| PROBLEM DETAILS |
Copy nothing but the lines below, from the one with "1965年演出的《补镬》剧照" through the one with "首元の配色切替デザインと袖の", exactly as written; no pictures should appear.

| EXCERPTED RECORDS |
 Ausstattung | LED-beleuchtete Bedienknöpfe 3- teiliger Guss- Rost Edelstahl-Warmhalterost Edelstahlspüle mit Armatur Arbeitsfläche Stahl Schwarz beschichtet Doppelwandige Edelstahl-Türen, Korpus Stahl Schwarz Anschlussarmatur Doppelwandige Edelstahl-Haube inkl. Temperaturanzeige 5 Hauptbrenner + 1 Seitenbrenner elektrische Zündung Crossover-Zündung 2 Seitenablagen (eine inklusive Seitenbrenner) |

==

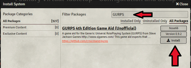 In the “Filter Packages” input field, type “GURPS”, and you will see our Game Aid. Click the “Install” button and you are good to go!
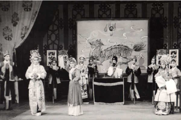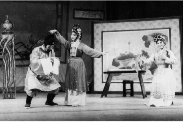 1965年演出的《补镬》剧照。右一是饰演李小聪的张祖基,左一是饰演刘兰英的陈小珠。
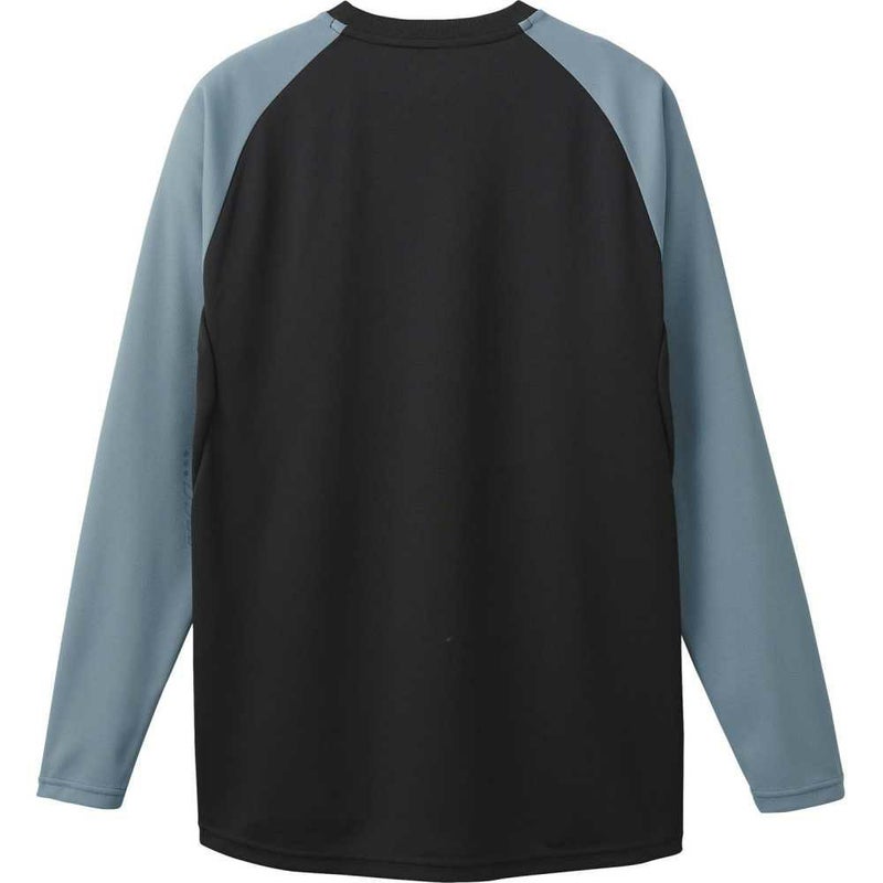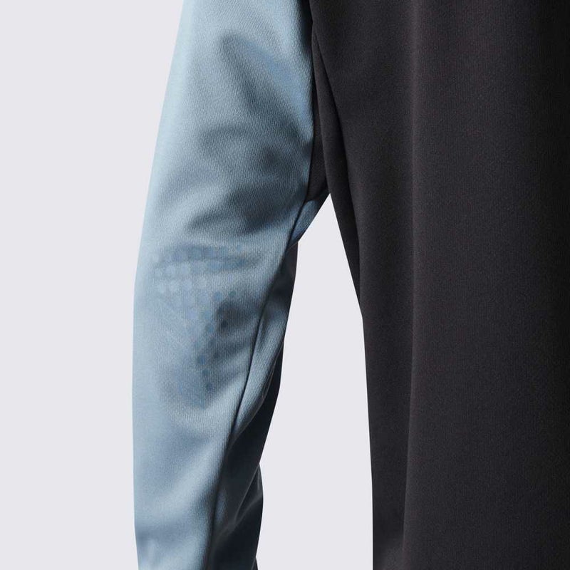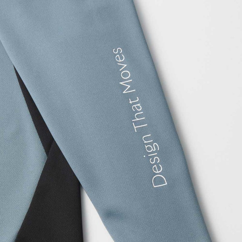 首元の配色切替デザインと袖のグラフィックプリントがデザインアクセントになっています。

| RESPONSE TO THE TASK |
 1965年演出的《补镬》剧照。右一是饰演李小聪的张祖基,左一是饰演刘兰英的陈小珠。
 首元の配色切替デザインと袖のグラフィックプリントがデザインアクセントになっています。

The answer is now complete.